Ma eccetto una minoranza, quali sono i fratelli che non si vogliono bene da rendere questi due un'eccezione? Sono sceneggiate fatte per generare empatia verso il pubblico che segue questa robaccia. Specie dopo gli sfottò di Leali (ma chi glielo ha fatto fare di entrare in quel letamaio), stanno facendo di tutto per eroizzare questo Enock, un pò come si faceva con il fratello nel calcio.

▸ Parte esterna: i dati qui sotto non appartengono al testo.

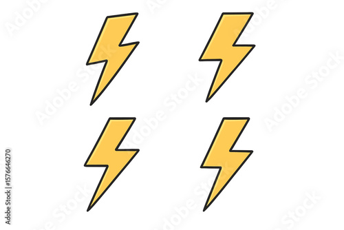 Set of 4 Lightning Flat Icons, Energy Flash Symbols, Thunderbolt Signs, Electricity Power and Speed Vector, Electric Bolt Graphic with Shading and Line Art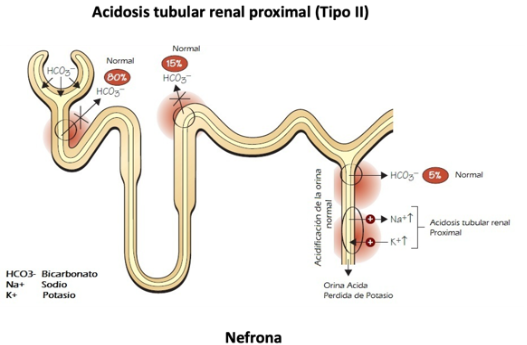 En la acidosis tubular renal proximal (ATR tipo II), los túbulos proximales no reabsorben apropiadamente el bicarbonato, dejando el cuerpo en estado ácido (llamado acidosis). La severidad de la acidosis se relaciona con la cantidad de bicarbonato que se logra reabsorber.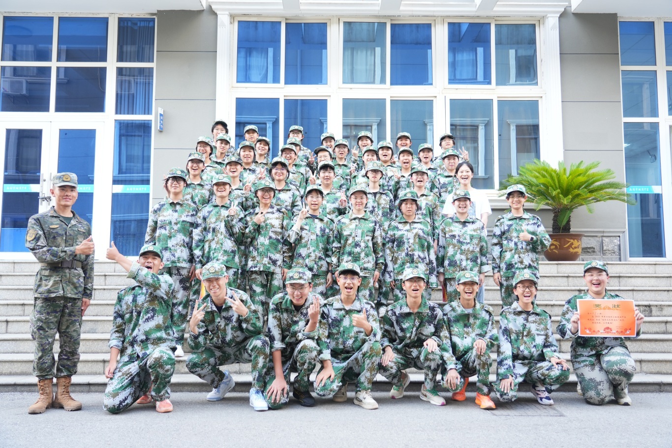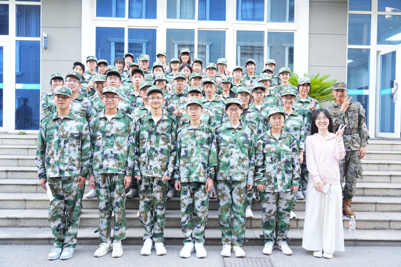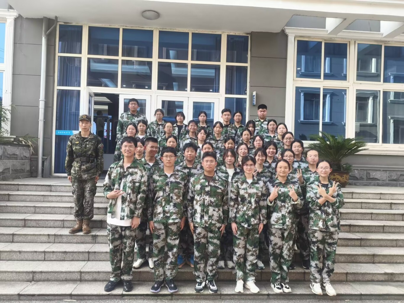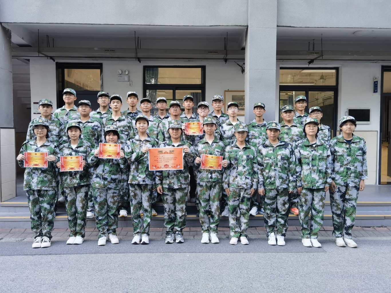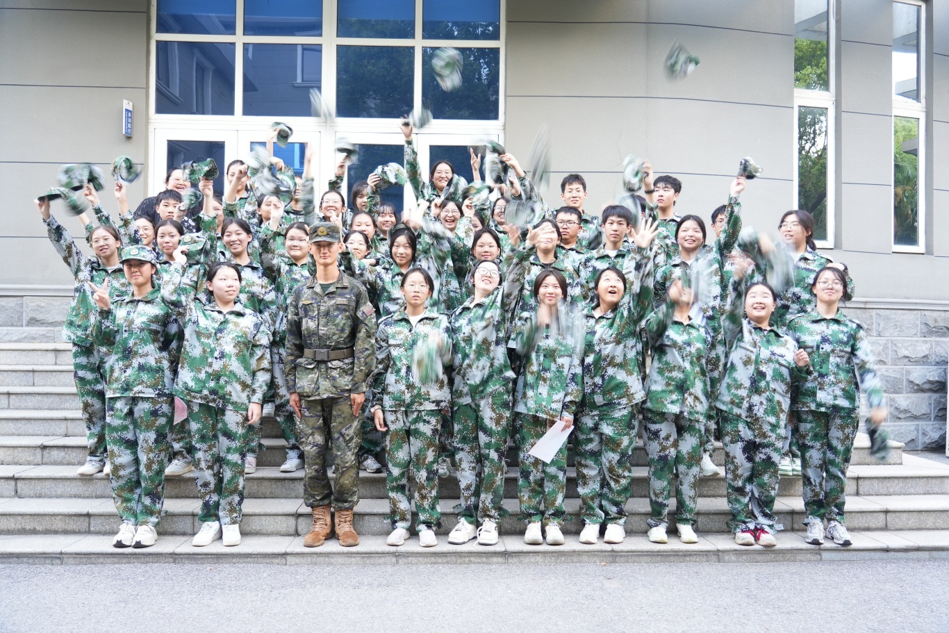 全体高一新生身着整齐迷彩服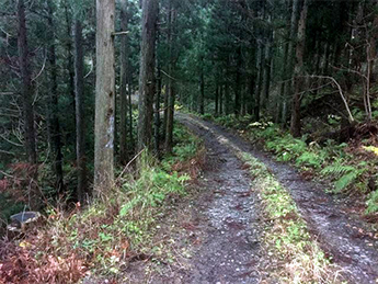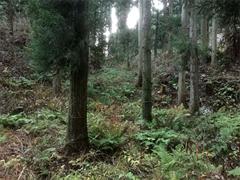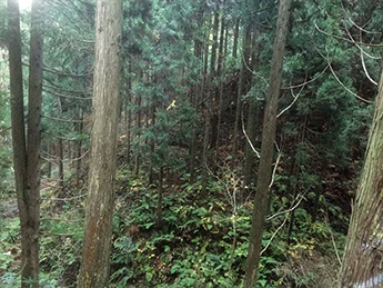 秋田県由利本荘市から横手市方面へ向かう本荘街道(国道107号線)は豊かな自然に恵まれ、子吉川水系である石沢川が街道に沿って流れています。当社の山、「秋田実宝富士(あきたじっぽうふじ)」はその街道沿いにある山内の南に位置した奥名免沢(おくなめざわ)にあり、立ち並ぶ秋田杉が存在感を示しています。秋田実宝富士は春から初夏にかけてワラビやゼンマイなどが豊富に採れ山菜の宝庫となります。山菜が宝のように実ることから秋田実宝富士と名付けられました。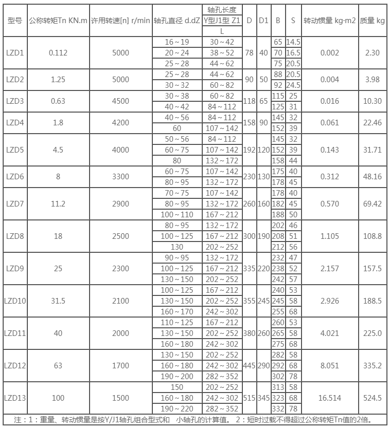 普通圓柱軸孔用LZ型,圓錐孔用LZD型。選型時望注意。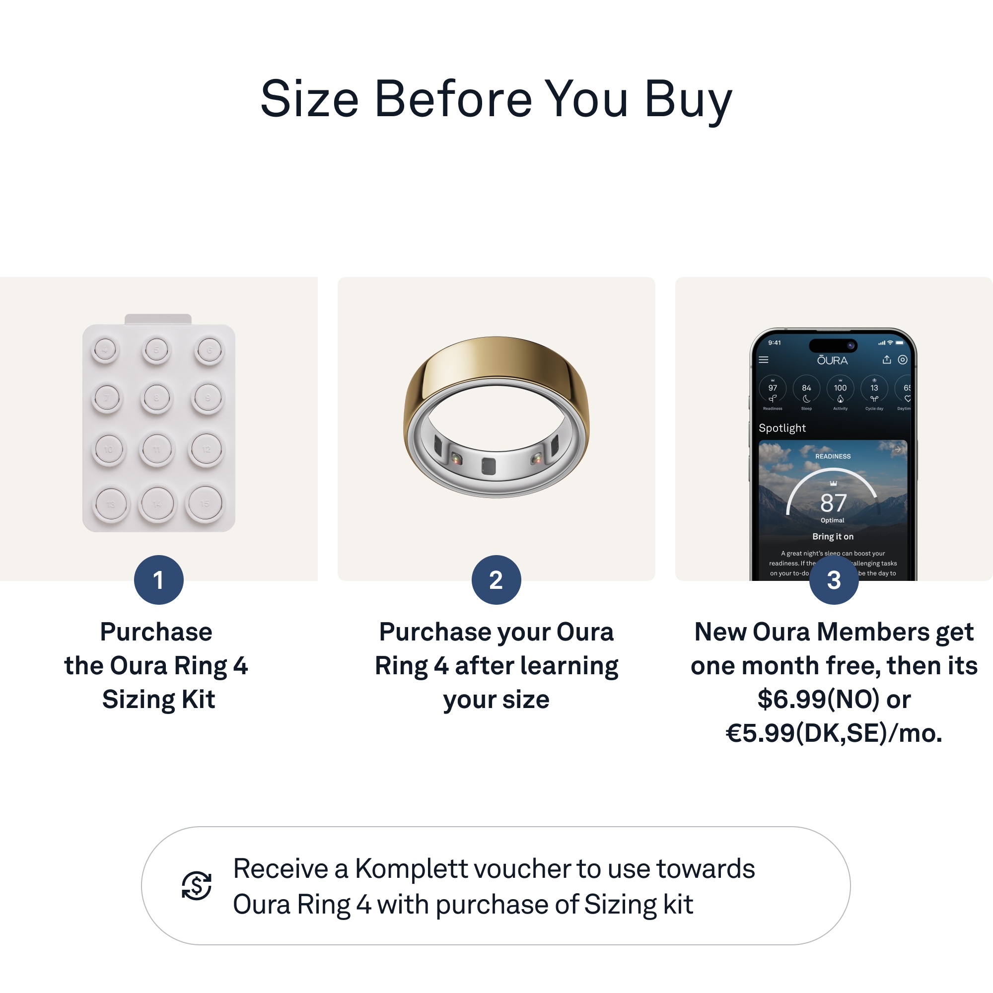 Eftersom Oura-ringarna inte följer standardstorlekar är det avgörande att du i förväg mäter vilken storlek som passar just dig. Detta gör du genom att beställa Oura Ring 4 storleksset innan du köper din nya Oura-ring. Eftersom fingrarna kan variera i storlek vid olika tidpunkter på dagen rekommenderas det att du använder storleksringen i minst 24 timmar. Du kommer att få en värdecheck motsvarande priset för storlekssetet när du beställer.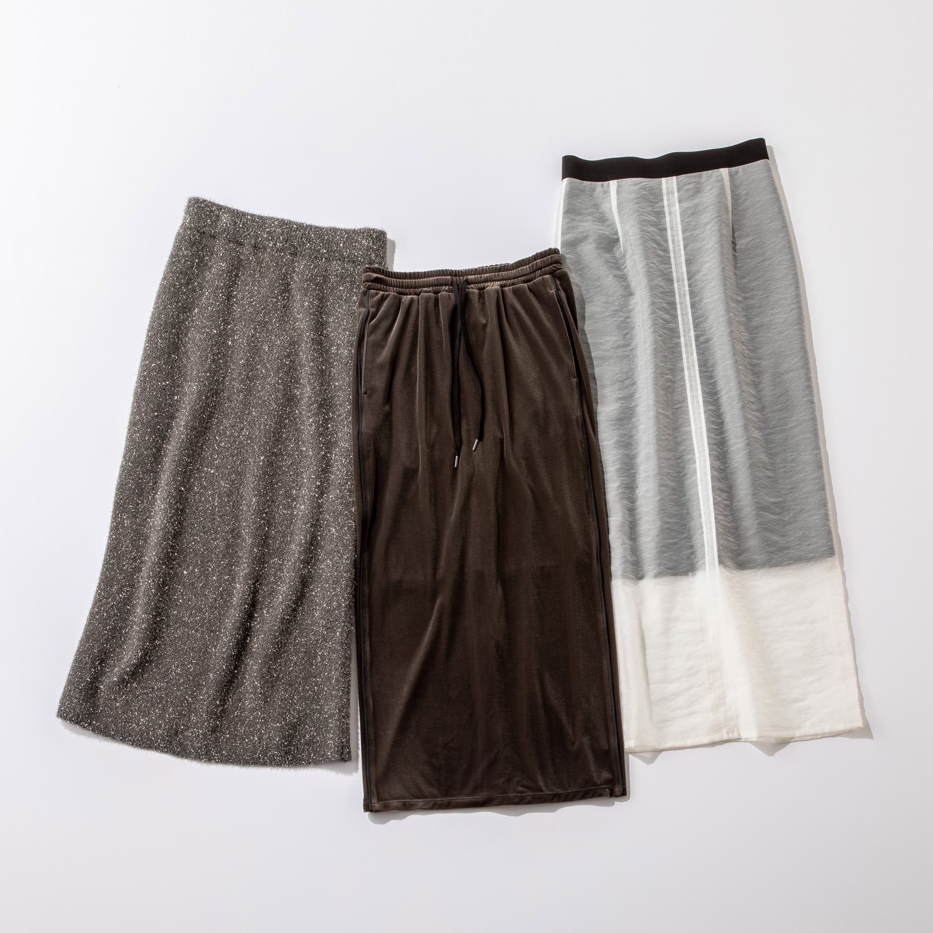 シアーにベロア、ラメなど、素材感の違いでコーデの幅もグッと広がる。ゴムのウエストでストレスフリー。(右から)ホワイト¥26,400(アルアバイル)グレージュ¥9,350(ジャーナルスタンダード レリューム)グレー¥7,590(ビーミング by ビームス)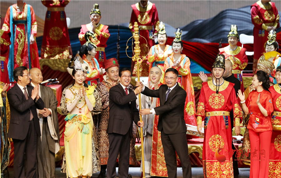 在夢(mèng)回大唐的繁華盛境中,《玄奘西行》落下帷幕。玄奘大師歷經(jīng)艱辛,宏圖之志不改,終于修得正果,回到大唐,盛世的自信與包容一覽無(wú)余。走進(jìn)新時(shí)代,“一帶一路”倡議共繪朋友圈,敦煌文博會(huì)帶來(lái)文化交流。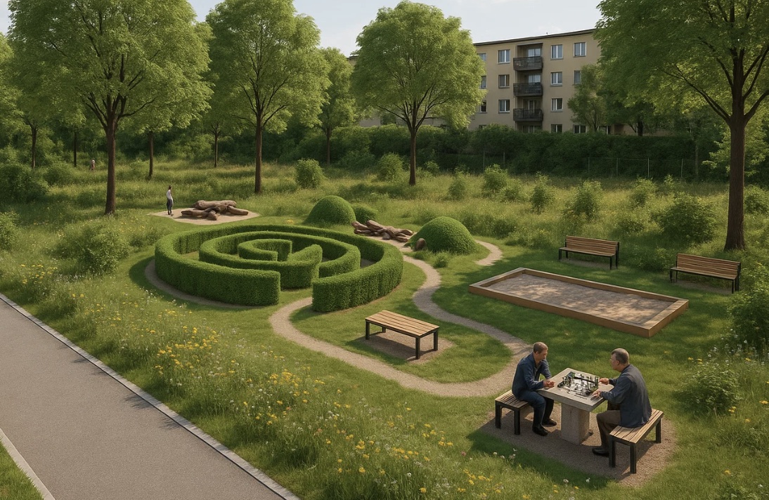 W centralnym miejscu (obecnie zarośniętym w niewielkim stopniu tylko niskimi roślinami) stworzymy naturalne atrakcje – labirynty z krzewów, niewielkie pagórki, kłody do wspinania i naturalną piaskownicę. Obok staną ławki oraz stolik do gry w szachy.

Chissà se fossero stati bianchi avrebbero avuto questa divinizzazione...

E poi queste scenette le fanno in tutti i reality e anche talent come X-Factor o Amici, a tutti i concorrenti, per "dimostrare" che hanno un'"anima" e giustificare la loro ignoranza e/o scarsa capacità.

La spettacolarizzazione dei sentimenti è diffusissima in questi contesti.


----------



## Lambro (24 Ottobre 2020)

fabri47 ha scritto:


> Ma eccetto una minoranza, quali sono i fratelli che non si vogliono bene da rendere questi due un'eccezione? Sono sceneggiate fatte per generare empatia verso il pubblico che segue questa robaccia. Specie dopo gli sfottò di Leali (ma chi glielo ha fatto fare di entrare in quel letamaio), stanno facendo di tutto per eroizzare questo Enock, un pò come si faceva con il fratello nel calcio. Chissà se fossero stati bianchi, se avrebbero avuto questa divinizzazione...
> 
> E poi queste scenette le fanno in tutti i reality e anche talent come X-Factor o Amici, a tutti i concorrenti, per "dimostrare" che hanno un'"anima" e giustificare la loro ignoranza e/o scarsa capacità.
> 
> La spettacolarizzazione dei sentimenti è diffusissima in questi contesti.



Sisi dico nulla , a me stan tutti sulle balle e non seguo un grande fratello dal 2 uscito mille anni fa


----------



## Kayl (24 Ottobre 2020)

willcoyote85 ha scritto:


> sono in imbarazzo per lui e per il programma...
> 
> *ma il femminismo di signorini dove è finito?*



nell'unico posto che gli interessa, soprattutto davanti a un grosso maschione nero...


----------